- _DIRECTIONS_: Line by line, repeat the material below exactly and leave the images out.

- _COLLECTED DATA_:
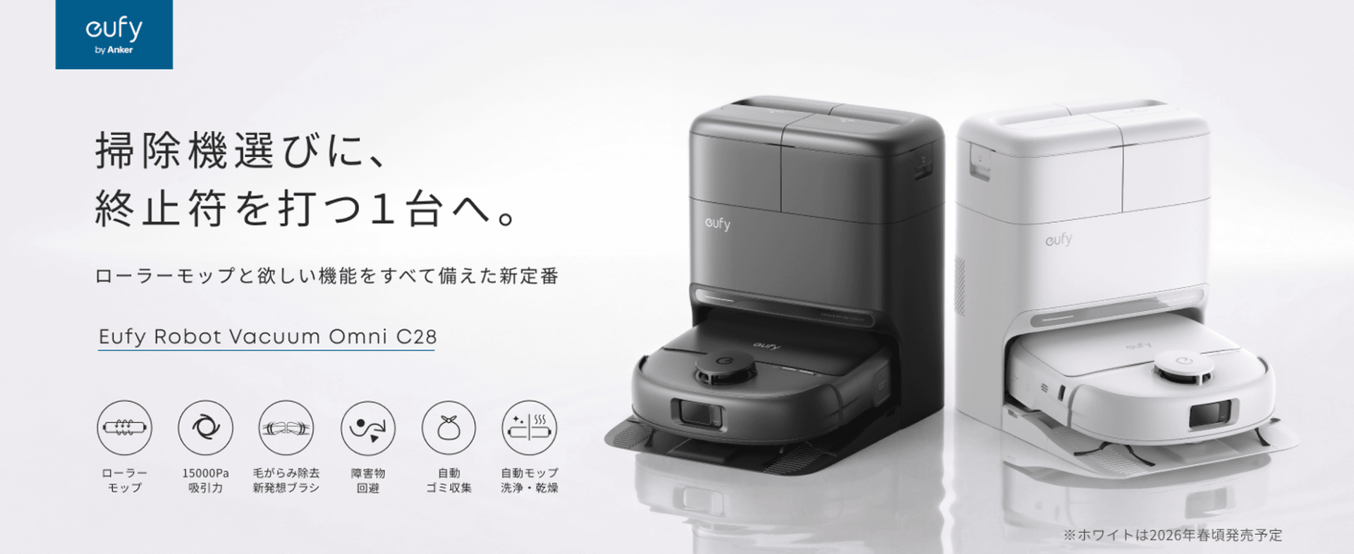 • Ankerからロボット掃除機「Eufy Robot Vacuum Omni C28」が登場、10万円で買えるフルスペック掃除機
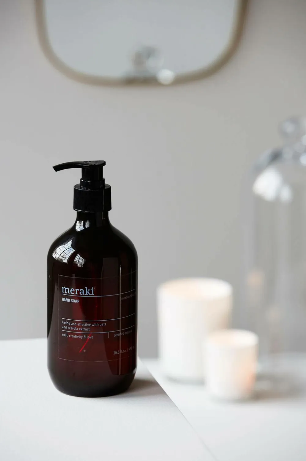 Merakis håndsæbe Meadow Bliss er et økologisk, certificeret produkt. Meadow Bliss har friske duftnoter af citron, mynte og te. Håndsæben kommer i en enkel og flot flaske, som giver dit badeværelse eller køkken en fin dekorativ detalje. Sæben er velegnet til daglig brug og til alle hudtyper. Nyd duften af dine rene hænder og kombinér med en plejende håndcreme.
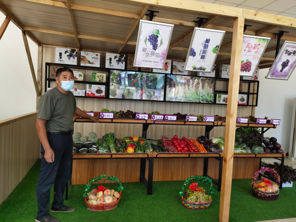 活動(dòng)現(xiàn)場(chǎng)分為鎮(zhèn)域特色產(chǎn)品展賣(mài)區(qū)和打卡拍照點(diǎn)位兩個(gè)功能區(qū)。在展賣(mài)區(qū),用茅草、榆木等元素搭建的仿古攤位錯(cuò)落有致,葡萄、番薯、黃瓜等農(nóng)產(chǎn)品整齊擺放,展銷(xiāo)員化身古代“店小二”,吆喝售賣(mài),熱鬧非凡。在拍照點(diǎn),一張榆木桌,兩把木長(zhǎng)椅,以及棉麻老粗布古旗、蓑衣斗笠、茶盞等老物件元素,高度還原了古代道旁的茅草茶棚。游客紛紛帶著在展賣(mài)區(qū)消費(fèi)獲得的“銅錢(qián)”,到此換裝拍照、打卡留念。“這是香緹,是巨峰葡萄和玫瑰香葡萄雜交的品種,香味濃,吃起來(lái)不澀;這是金手指,含糖量高,非常甜,女士和小朋友比較喜歡;這是陽(yáng)光玫瑰,又叫晴王葡萄,是今年的網(wǎng)紅葡萄……”活動(dòng)現(xiàn)場(chǎng),北京采育喜山葡萄生態(tài)采摘園負(fù)責(zé)人杜喜山指著攤位上的一串串葡萄娓娓道來(lái),向游客講述自己和家鄉(xiāng)的“葡萄故事”。

- _RESPONSE_:
 • Ankerからロボット掃除機「Eufy Robot Vacuum Omni C28」が登場、10万円で買えるフルスペック掃除機
 Merakis håndsæbe Meadow Bliss er et økologisk, certificeret produkt. Meadow Bliss har friske duftnoter af citron, mynte og te. Håndsæben kommer i en enkel og flot flaske, som giver dit badeværelse eller køkken en fin dekorativ detalje. Sæben er velegnet til daglig brug og til alle hudtyper. Nyd duften af dine rene hænder og kombinér med en plejende håndcreme.
 活動(dòng)現(xiàn)場(chǎng)分為鎮(zhèn)域特色產(chǎn)品展賣(mài)區(qū)和打卡拍照點(diǎn)位兩個(gè)功能區(qū)。在展賣(mài)區(qū),用茅草、榆木等元素搭建的仿古攤位錯(cuò)落有致,葡萄、番薯、黃瓜等農(nóng)產(chǎn)品整齊擺放,展銷(xiāo)員化身古代“店小二”,吆喝售賣(mài),熱鬧非凡。在拍照點(diǎn),一張榆木桌,兩把木長(zhǎng)椅,以及棉麻老粗布古旗、蓑衣斗笠、茶盞等老物件元素,高度還原了古代道旁的茅草茶棚。游客紛紛帶著在展賣(mài)區(qū)消費(fèi)獲得的“銅錢(qián)”,到此換裝拍照、打卡留念。“這是香緹,是巨峰葡萄和玫瑰香葡萄雜交的品種,香味濃,吃起來(lái)不澀;這是金手指,含糖量高,非常甜,女士和小朋友比較喜歡;這是陽(yáng)光玫瑰,又叫晴王葡萄,是今年的網(wǎng)紅葡萄……”活動(dòng)現(xiàn)場(chǎng),北京采育喜山葡萄生態(tài)采摘園負(fù)責(zé)人杜喜山指著攤位上的一串串葡萄娓娓道來(lái),向游客講述自己和家鄉(xiāng)的“葡萄故事”。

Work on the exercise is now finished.